The town hall formed one of a series of buildings designed and commissioned by the architect, Sir Clough Williams-Ellis, on a site which had previously been known as Aber Iâ (English: Ice Estuary). He developed the site to create a Mediterranean-style village which he called "Portmeirion". The town hall was designed in the Jacobean style, built in rubble masonry on the ground floor and in brick with a stucco finish on the first floor, and was completed in 1938.

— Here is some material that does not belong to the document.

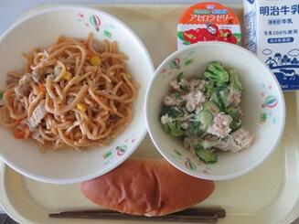 今日の給食は、セルフフィッシュバーガー、(丸型牛乳パン、白身魚フライ、コールスローサラダ)、牛乳、マカロニカレースープです。高根沢町で生産されたものは、にんじん、キャベツ、玉ねぎ、きゅうりです。今日もたいへんおいしく頂きました。

The design involved an asymmetrical main frontage with five bays facing east towards the centre of the village. The central bay, which projected forward, featured a three-stage tower with a doorway with a moulded architrave and a cornice on the ground floor, a large mullioned and transomed window on the first floor and a balcony with a round-headed French door and an oculus on the second floor, all surmounted by a steeply shaped roof with a lantern, coronet and ball. The coronet was created using an upturned pig boiler. The left hand end bay, which also projected forward, contained an archway with voussoirs on the ground floor and a mullioned and transomed window on the first floor, while the right hand end bay, which did not project forward, contained a mullioned window on the ground floor and a wrought iron balcony with a round headed French door on the first floor. Internally, the principal rooms were the main assembly room known as the "Hercules Hall" and a smaller reception room known as the "Tudor Room", both on the first floor.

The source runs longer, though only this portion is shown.